# How to calculate the rate of formation of a product when given the rate law?

The following data are given for the reaction of $\ce{NO} \text{ and } \ce{Cl2}$:

$$\ce{2NO + Cl2 -> 2NOCl}$$

The reaction is second order in $[\ce{NO}]$ and first order in $[\ce{Cl2}]$, and the initial rate equals $\pu{1.43E-6 mol L^-1 s^-1}$ at the instant when $[\ce{NO}]_0 = [\ce{Cl2}]_0 = \pu{0.25 mol L^-1}$.

The problem then says:

Calculate the rate of formation of $\ce{NOCl}$ when $[\ce{NO}] = [\ce{Cl2}] = \pu{0.11 mol L^-1}$.

I thought it's just $(2) × (\pu{9.152E-5})× [0.11]^2[0.11]$, which is $\pu{2.44E-7}$, but the answer provided is half that $(\pu{1.22E-7})$, so I must have gotten the rate equation incorrect.

Is the rate of formation of $\ce{NOCl}$ equal to twice the rate of the reaction, as when I consider this reaction equation: $\ce{2NO + Cl2 -> 2NOCl}$?

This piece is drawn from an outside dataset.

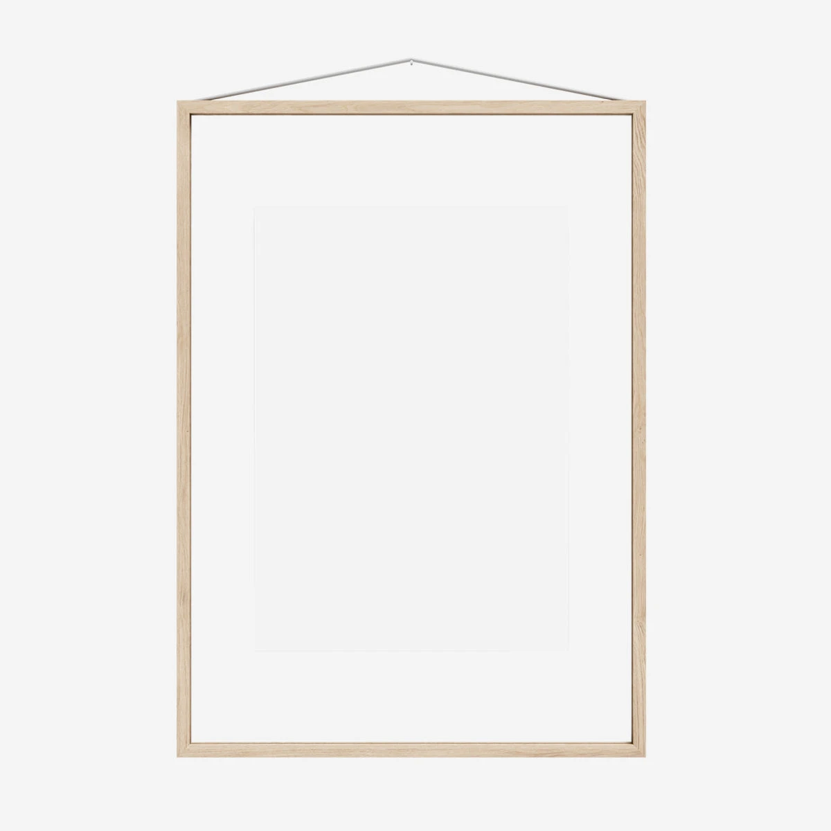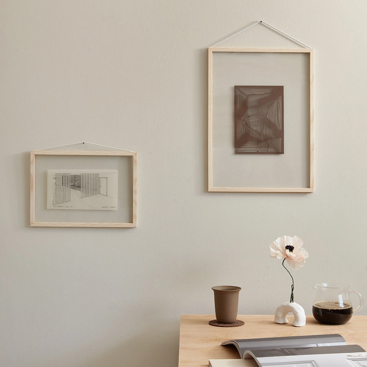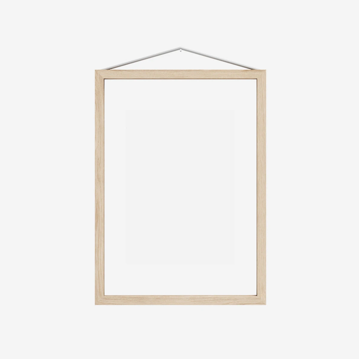So einfach, so perfekt: Die Frames von Moebe bestehen aus zwei Acrylglasscheiben, vier Leisten und einem Gummiband. Das Gummiband hält den Rahmen zusammen und hängt ihn gleichzeitig an der Wand auf. Dank der einfachen, aber raffinierten Konstruktion kannst du den Rahmen horizontal oder vertikal aufhängen und ihn bei freier Aufhängung sogar von beiden Seiten betrachten.

Or is the rate of formation of $\ce{NOCl}$ directly equal to the rate of the reaction, as when I consider this reaction equation: $\ce{NO + 1/2Cl2 -> NOCl}$?

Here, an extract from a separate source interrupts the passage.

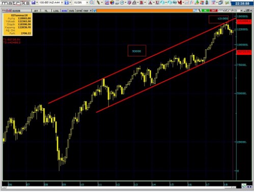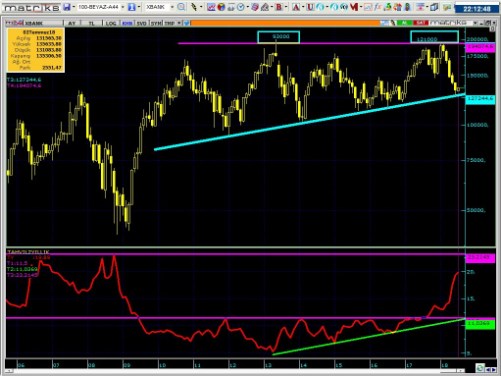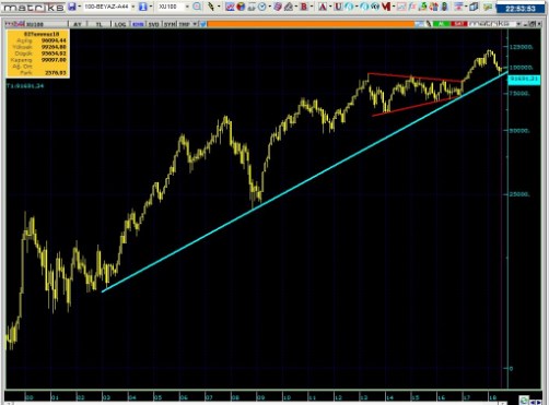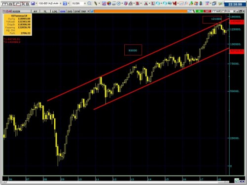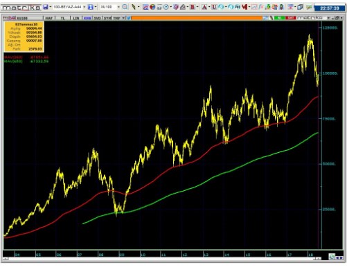 • En iyi şartlar kısa vade oluşmadığı takdirde , endeksin kısa vade zirvesine max %5 yakın olduğunu söylemek zorundayım. Yönetimin kötü icraatları olması halinde maalesef grafikteki 2001 den beri gelen trendin aşağı kırılmasını bekleyeceğimi söylemek zorundayım.

I'm really confused how to tell which of these two approaches to use.

$$r=k \times [NO_2]^2 \times [Cl_2]$$
From the initial condition information => $$k=\frac{r}{[NO_2]^2 \times [Cl_2]}$$ Plugging the numbers=> $$k=\frac{1.43 \times 10^{-6}}{0.25^2 \times 0.25}$$ So, $$k=9.152 \times 10^{-5}$$ For 0.11 condition => $$r=9.152 \times 10^{-5} \times 0.11^2 \times 0.11$$ or $$r=1.21 \times 10^{-7}$$